▸ **Stored data entries**
=-=-=

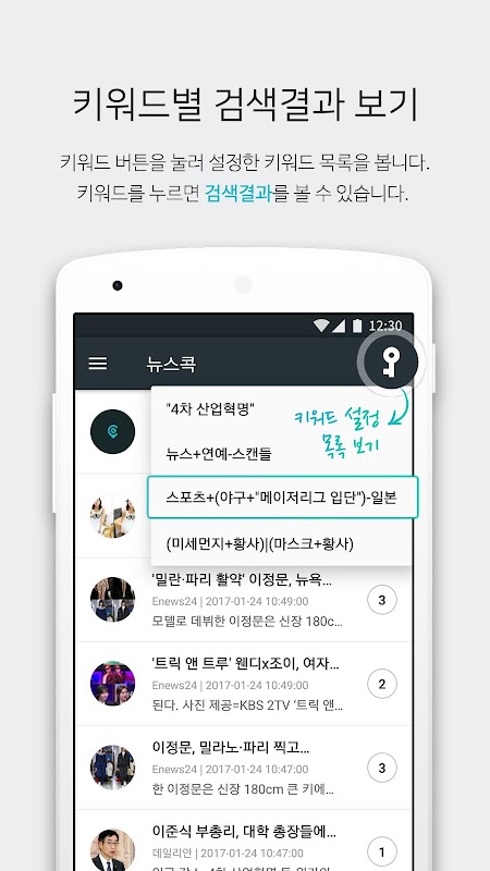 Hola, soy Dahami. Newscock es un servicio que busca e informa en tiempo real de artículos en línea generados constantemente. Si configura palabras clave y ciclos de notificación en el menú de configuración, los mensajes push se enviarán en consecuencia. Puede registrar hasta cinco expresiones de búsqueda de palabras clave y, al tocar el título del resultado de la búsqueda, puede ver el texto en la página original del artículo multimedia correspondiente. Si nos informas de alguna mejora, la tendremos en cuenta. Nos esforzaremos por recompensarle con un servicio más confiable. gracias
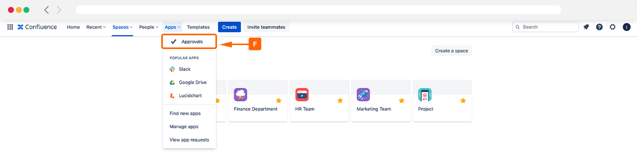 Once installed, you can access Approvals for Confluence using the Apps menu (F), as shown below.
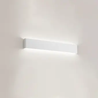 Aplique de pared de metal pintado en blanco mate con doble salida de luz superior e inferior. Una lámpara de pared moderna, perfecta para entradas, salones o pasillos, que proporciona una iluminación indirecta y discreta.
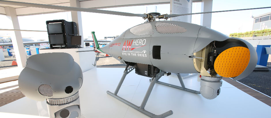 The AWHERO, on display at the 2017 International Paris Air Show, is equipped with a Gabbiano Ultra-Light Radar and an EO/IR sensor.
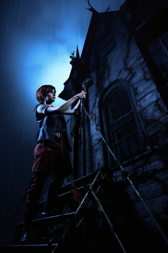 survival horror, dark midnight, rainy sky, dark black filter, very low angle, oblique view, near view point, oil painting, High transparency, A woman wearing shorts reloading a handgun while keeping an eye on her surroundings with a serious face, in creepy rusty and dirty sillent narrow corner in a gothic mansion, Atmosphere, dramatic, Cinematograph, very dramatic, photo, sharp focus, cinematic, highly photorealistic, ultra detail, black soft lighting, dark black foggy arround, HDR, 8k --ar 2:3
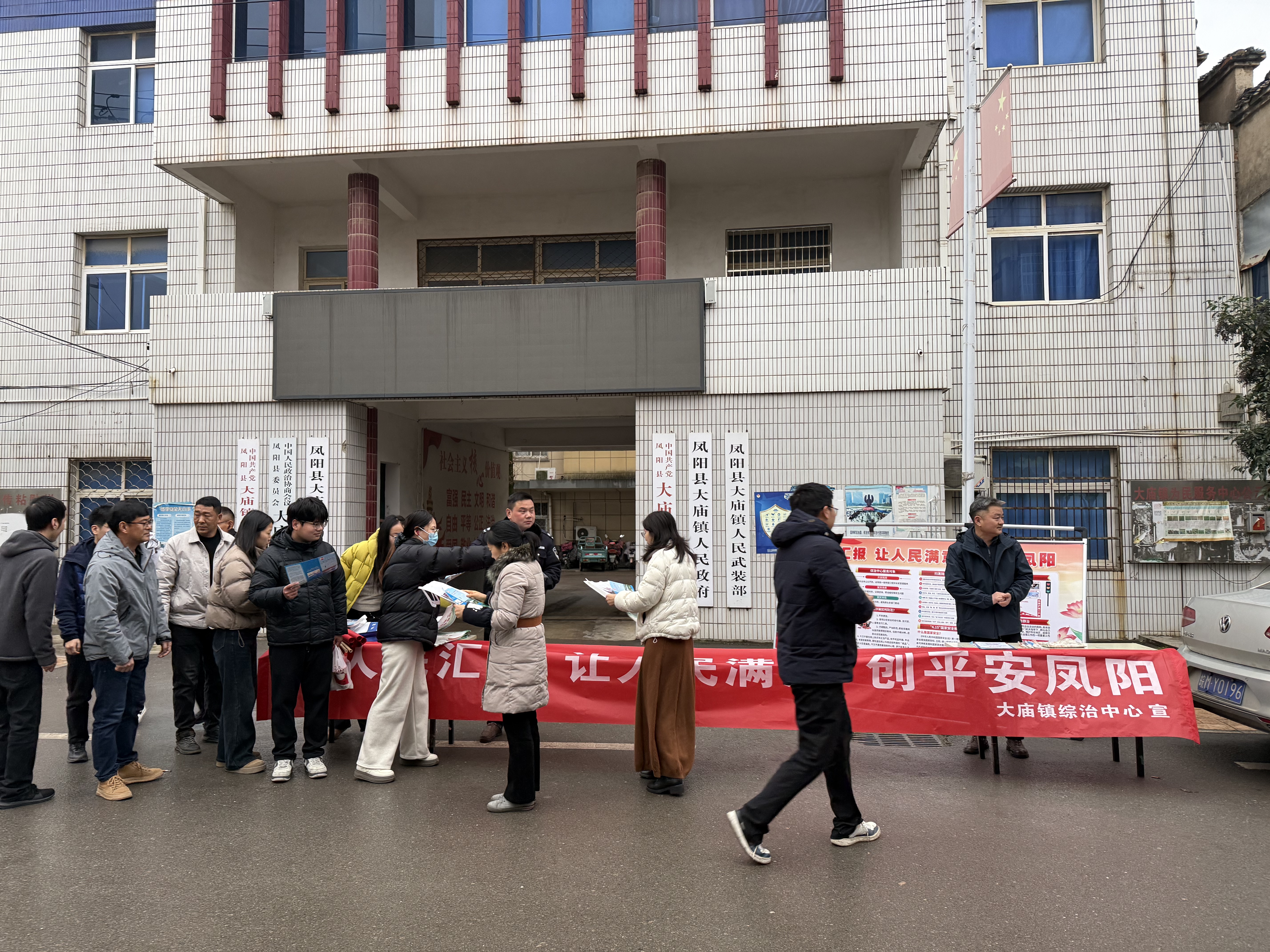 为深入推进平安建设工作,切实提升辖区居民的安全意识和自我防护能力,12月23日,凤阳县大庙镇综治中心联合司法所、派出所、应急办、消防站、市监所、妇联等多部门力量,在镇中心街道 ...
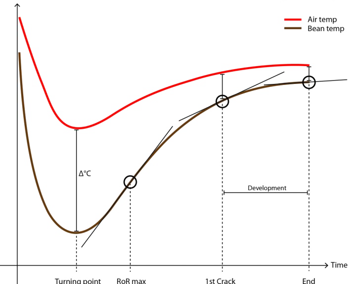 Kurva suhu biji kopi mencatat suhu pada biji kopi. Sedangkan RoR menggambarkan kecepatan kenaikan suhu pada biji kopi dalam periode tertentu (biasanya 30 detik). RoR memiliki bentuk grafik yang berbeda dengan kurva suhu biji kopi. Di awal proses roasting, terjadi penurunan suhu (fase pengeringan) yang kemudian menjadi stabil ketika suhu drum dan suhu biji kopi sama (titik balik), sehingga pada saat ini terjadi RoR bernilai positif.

=-=-=

▸ **Your objective**
An exact copy of the lines from the one with "为深入推进平安建设工作,切实" through the last line of the records, inclusive, is required, with all pictures left out.

▸ **Answer space**
 为深入推进平安建设工作,切实提升辖区居民的安全意识和自我防护能力,12月23日,凤阳县大庙镇综治中心联合司法所、派出所、应急办、消防站、市监所、妇联等多部门力量,在镇中心街道 ...
 Kurva suhu biji kopi mencatat suhu pada biji kopi. Sedangkan RoR menggambarkan kecepatan kenaikan suhu pada biji kopi dalam periode tertentu (biasanya 30 detik). RoR memiliki bentuk grafik yang berbeda dengan kurva suhu biji kopi. Di awal proses roasting, terjadi penurunan suhu (fase pengeringan) yang kemudian menjadi stabil ketika suhu drum dan suhu biji kopi sama (titik balik), sehingga pada saat ini terjadi RoR bernilai positif.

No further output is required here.